Did you feel frustrated trying to convince a friend or family member to get the COVID-19 vaccine? Or maybe you are that friend or family member and you are tired of people pressuring you to get vaccinated.

While the science is clear that COVID-19 vaccines save lives, starting a productive conversation about vaccination can be difficult. And doctors also experience the same challenge.

We are researchers at UMass Chan Medical School who have risen to this challenge. One of us is an ICU pulmonologist who worked on the front lines in the COVID-19 ICU during the darkest days of the pandemic. And one of us has been studying the patient’s perspective on health and healthcare for many years. To find out the best way for doctors to talk to their patients about vaccinations, we first had to understand what patients were concerned about.

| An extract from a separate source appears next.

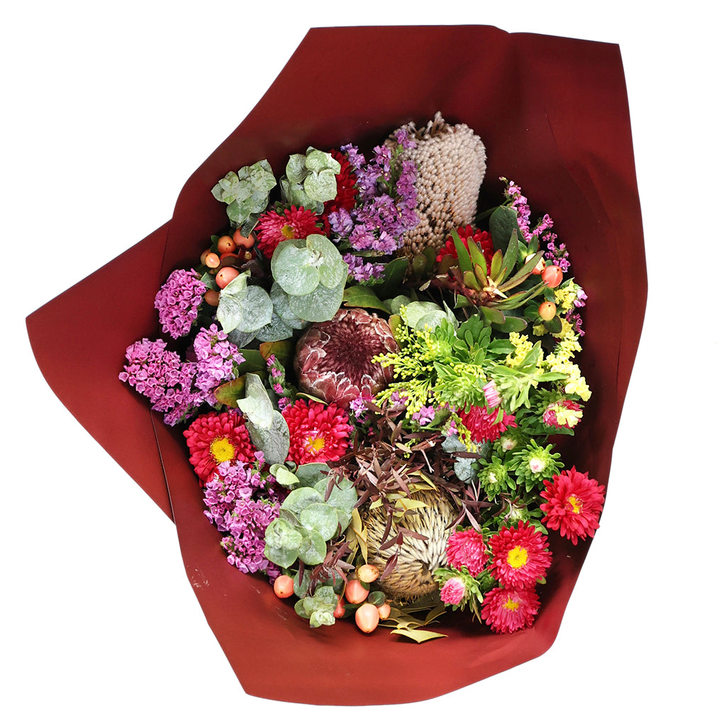 Bring the beauty of the Australian wilderness into your home with our stunning Flowers Australian Natives Bouquet Large. Bursting with vibrant colors and unique textures, this bouquet is a true celebration of nature's finest. Hand-picked for freshness and longevity, these native blooms will brighten any space. Order yours today!

Why people choose (or not) to vaccinate

In April 2020, when vaccines against COVID-19 were still being tested, we asked 1,000 adults in the US about their vaccination schedules and why. About 3 in 10 weren’t sure they would get vaccinated and 1 in 10 planned not to get vaccinated. Both groups cited various reasons for their reluctance, including concerns about the safety and side effects of vaccines, a desire to wait for additional information, a belief that they were not personally at risk, and distrust of the government, the centers for control and disease prevention or vaccinations.

We then conducted another survey in January 2021 when the vaccine was made available to the public, with a new sample of around 1,700 people. The reasons for reluctance to take vaccines hadn’t changed since April 2020. The most common reasons were concerns about vaccine safety, the speed of vaccine development and insufficient testing, and a general distrust of the COVID-19 vaccines.

Additionally, we found that those who wanted to get vaccinated knew more about the transmission of COVID-19, the potential health effects of the disease, and the effectiveness of the vaccine. They were also far more likely to rely on data and statistics to make decisions about their health than those who hesitated to vaccinate.

Doctors can make a difference

If people who don’t want to get vaccinated don’t rely on statistics to make health decisions, what do they rely on?

It turned out that her doctor plays a huge role. Several studies have shown that many people rely on their doctor’s advice when making vaccine decisions.

We tested different approaches that doctors could use to talk to their patients about the COVID-19 vaccine. Although all messages contained statements that the patient was eligible for a safe and effective vaccine, they differed in what the doctor said after this information.

We have found that the most effective message is an explicit recommendation (“I recommend that you receive it”) coupled with a reference to protecting others (“This is the best way to protect those close to you and to keep them healthy ”) was. About 27% of those who got this message were more likely to get vaccinated.

In comparison, the least effective message was elective or indefinite (“So what do you think?”) – only 13% were more likely to be vaccinated after receiving this message.

When we followed up six months later with people who were initially hesitant, about 33% of the vaccination had been preserved since then. Notably, of those who spoke to their doctor who recommended vaccination directly, 52% were vaccinated, compared with just 11% of those whose doctor did not recommend the vaccine.

Their reasons for vaccination varied. More than half said they wanted to protect others. Others expected a vaccination would be needed or were worried about catching COVID-19.

What can you do?

Getting to the heart of a person’s motivation in order to understand their point of view can be an important step. These results can help you have more effective conversations with family and friends – and even with your own doctor.

If you are vaccinated and want to encourage a friend or family member who doesn’t:

  • Suggest that they speak to their doctor. The COVID-19 vaccines are becoming available in doctor’s offices, making vaccination easier in a familiar environment. Your doctor may also be able to reassure you that you are comfortable with the vaccination.

  • Talk about protecting others. Tell them how good it feels to play a role in reducing the spread of a potentially fatal disease.

  • Talk about protecting yourself. Tell them how liberating it is to feel safe.

If you aren’t vaccinated but are wondering if you:

  • Talk to your doctor. Tell your doctor what you are worried about about a vaccination. Your doctor has up-to-date and accurate information about the COVID-19 vaccines and can answer your questions. You can get vaccinated during your visit. If not, your doctor can provide information on where to get vaccinated.

  • Talk to people who have been vaccinated. Many said they were nervous or afraid to get vaccinated, but when they got their COVID-19 vaccination they felt safe and relieved.

  • Think about how you might feel in different situations. Some people don’t mind taking risks with their own health. Others can imagine what it is like to be in the hospital or on a ventilator for weeks and don’t want to take that risk. And almost everyone would feel terrible if they were responsible for someone who got very sick.

Figuring out how to have a productive conversation about COVID-19 vaccines can be tricky. Looping in your doctor is one way to fill the communication gap.

Kathleen Mazor, Professor of Medicine, UMass Chan Medical School; and Kimberly Fisher, Associate Professor of Pneumology, UMass Chan Medical School

This article was republished by The Conversation under a Creative Commons license. Read the original article.